* [DATASET CONTENT]:
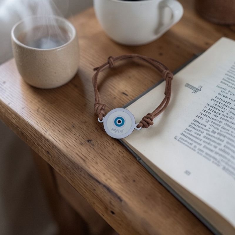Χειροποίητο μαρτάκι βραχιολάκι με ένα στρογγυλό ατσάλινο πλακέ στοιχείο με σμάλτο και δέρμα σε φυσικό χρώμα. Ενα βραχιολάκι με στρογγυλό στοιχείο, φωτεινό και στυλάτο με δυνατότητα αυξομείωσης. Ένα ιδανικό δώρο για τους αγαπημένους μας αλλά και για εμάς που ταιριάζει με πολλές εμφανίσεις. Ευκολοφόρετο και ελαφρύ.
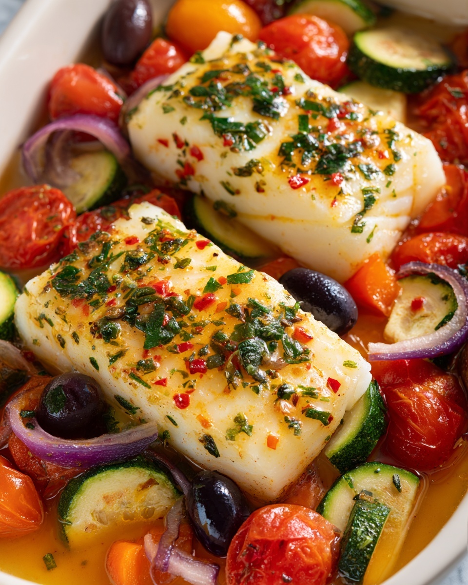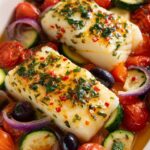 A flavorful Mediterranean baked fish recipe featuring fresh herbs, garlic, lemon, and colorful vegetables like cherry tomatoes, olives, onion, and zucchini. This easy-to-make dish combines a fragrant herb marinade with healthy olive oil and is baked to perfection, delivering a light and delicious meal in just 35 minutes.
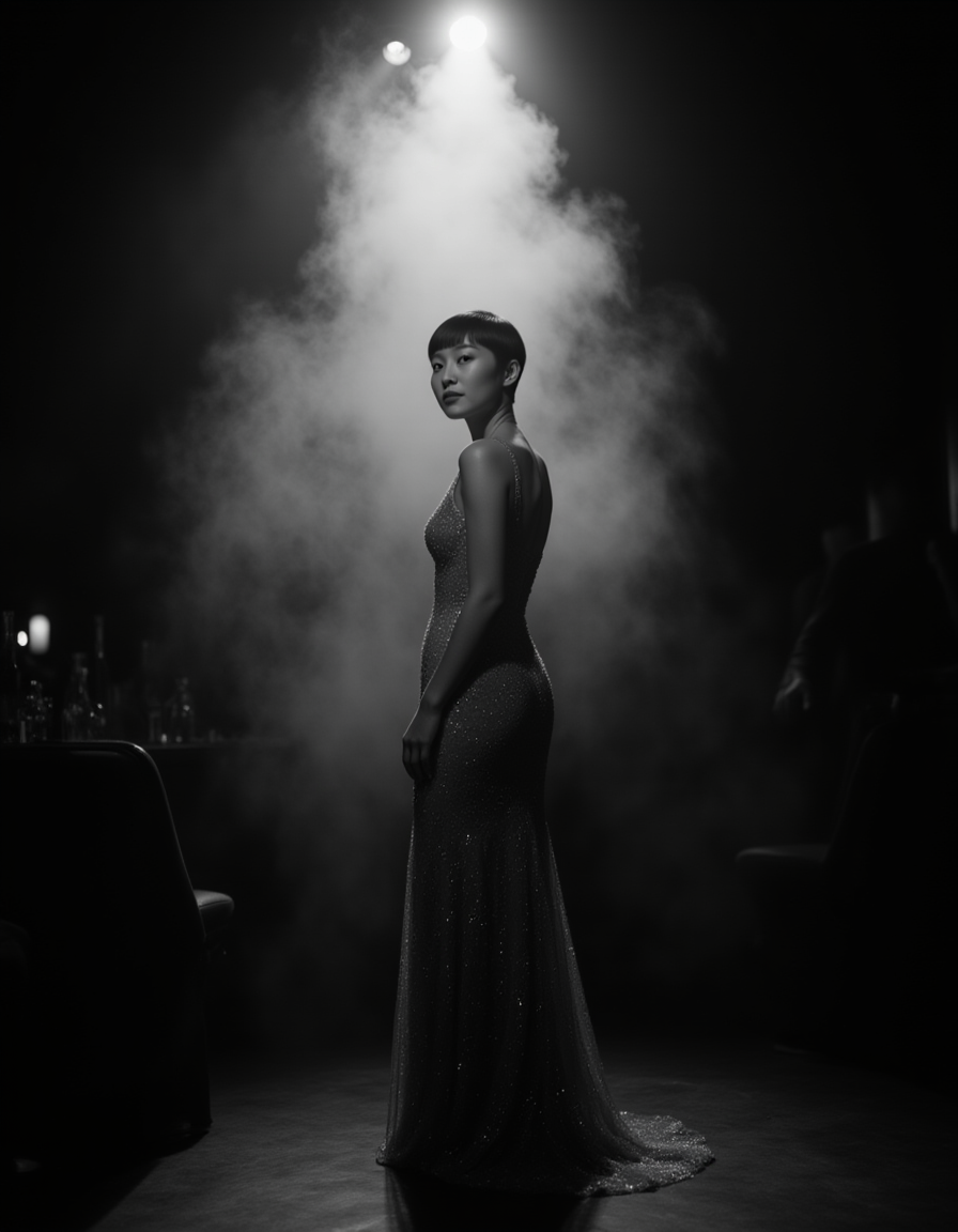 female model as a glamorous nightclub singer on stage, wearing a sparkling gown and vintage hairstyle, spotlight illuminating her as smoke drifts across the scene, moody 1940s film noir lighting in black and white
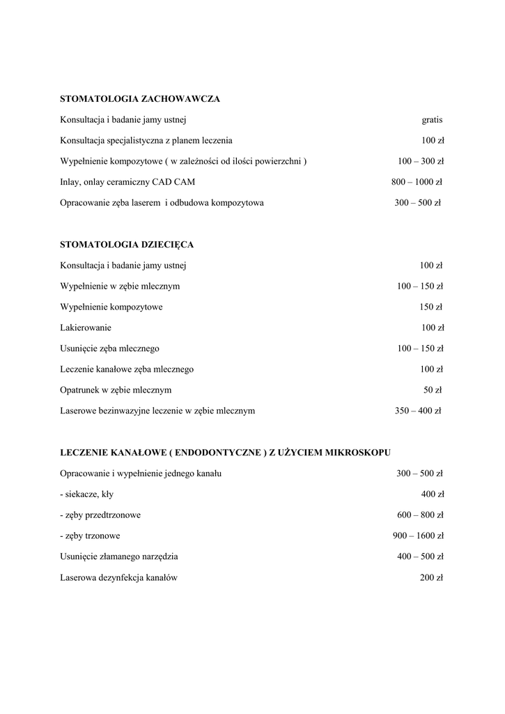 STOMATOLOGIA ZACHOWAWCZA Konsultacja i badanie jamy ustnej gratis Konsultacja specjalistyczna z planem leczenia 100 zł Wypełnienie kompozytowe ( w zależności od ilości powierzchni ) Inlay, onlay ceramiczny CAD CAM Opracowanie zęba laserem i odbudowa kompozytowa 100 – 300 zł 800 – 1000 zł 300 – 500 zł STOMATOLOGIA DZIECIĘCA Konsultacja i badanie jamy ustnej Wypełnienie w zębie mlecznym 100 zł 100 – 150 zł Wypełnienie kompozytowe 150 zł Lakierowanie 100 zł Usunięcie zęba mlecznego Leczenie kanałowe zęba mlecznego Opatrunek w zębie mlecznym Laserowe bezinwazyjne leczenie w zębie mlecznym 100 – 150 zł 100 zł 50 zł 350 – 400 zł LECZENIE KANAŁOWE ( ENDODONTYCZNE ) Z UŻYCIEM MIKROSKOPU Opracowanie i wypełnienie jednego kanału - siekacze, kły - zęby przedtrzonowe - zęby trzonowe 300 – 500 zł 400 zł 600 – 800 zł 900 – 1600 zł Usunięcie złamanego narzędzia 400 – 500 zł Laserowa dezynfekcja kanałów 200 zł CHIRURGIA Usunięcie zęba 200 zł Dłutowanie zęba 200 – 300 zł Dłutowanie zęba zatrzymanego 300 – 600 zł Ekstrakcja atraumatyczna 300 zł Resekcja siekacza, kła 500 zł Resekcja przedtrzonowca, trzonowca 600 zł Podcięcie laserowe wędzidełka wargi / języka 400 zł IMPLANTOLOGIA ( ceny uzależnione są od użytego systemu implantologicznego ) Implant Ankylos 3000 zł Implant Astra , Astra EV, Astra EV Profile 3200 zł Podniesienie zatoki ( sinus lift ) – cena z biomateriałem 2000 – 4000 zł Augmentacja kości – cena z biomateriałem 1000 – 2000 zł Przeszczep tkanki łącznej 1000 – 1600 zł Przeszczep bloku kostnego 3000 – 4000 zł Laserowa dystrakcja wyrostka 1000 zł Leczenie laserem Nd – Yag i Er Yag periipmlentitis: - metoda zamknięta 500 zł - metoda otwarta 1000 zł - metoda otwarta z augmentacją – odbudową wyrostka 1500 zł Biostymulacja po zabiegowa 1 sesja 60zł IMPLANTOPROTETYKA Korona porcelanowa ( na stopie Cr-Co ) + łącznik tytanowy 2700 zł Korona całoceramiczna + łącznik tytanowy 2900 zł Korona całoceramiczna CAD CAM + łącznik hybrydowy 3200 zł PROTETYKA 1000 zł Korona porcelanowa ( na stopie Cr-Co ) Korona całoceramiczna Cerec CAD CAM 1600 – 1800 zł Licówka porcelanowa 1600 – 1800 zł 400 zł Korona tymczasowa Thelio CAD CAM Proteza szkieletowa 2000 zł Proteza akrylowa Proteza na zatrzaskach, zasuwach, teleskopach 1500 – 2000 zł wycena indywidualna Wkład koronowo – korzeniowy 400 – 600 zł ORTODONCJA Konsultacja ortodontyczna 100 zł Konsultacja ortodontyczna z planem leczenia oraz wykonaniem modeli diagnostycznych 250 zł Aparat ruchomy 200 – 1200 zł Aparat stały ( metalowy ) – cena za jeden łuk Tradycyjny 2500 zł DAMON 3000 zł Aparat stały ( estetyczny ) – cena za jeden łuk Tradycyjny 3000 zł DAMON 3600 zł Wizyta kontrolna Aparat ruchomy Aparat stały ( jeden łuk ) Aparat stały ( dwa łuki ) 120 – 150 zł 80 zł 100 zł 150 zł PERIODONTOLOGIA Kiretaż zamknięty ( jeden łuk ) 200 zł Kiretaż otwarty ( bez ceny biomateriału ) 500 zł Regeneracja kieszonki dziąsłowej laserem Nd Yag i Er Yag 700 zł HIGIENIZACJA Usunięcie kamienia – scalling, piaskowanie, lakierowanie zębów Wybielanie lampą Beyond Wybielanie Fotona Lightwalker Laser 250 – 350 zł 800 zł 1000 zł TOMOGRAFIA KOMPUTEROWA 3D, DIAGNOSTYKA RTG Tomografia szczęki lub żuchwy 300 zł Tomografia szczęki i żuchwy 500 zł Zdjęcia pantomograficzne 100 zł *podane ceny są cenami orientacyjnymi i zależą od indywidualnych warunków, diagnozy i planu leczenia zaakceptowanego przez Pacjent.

==

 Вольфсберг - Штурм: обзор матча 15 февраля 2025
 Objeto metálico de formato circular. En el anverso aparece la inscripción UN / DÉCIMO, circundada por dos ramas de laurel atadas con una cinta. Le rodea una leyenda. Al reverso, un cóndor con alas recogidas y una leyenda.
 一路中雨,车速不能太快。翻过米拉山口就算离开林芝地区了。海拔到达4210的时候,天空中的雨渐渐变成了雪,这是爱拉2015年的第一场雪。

* [ACTIVITY]:
Your answer should consist only of the lines above between the line holding "Вольфсберг - Штурм: обзор" and the line holding "一路中雨,车速不能太快。翻过", inclusive, each transcribed exactly.

* [RESPONSE AREA]:
 Вольфсберг - Штурм: обзор матча 15 февраля 2025
 Objeto metálico de formato circular. En el anverso aparece la inscripción UN / DÉCIMO, circundada por dos ramas de laurel atadas con una cinta. Le rodea una leyenda. Al reverso, un cóndor con alas recogidas y una leyenda.
 一路中雨,车速不能太快。翻过米拉山口就算离开林芝地区了。海拔到达4210的时候,天空中的雨渐渐变成了雪,这是爱拉2015年的第一场雪。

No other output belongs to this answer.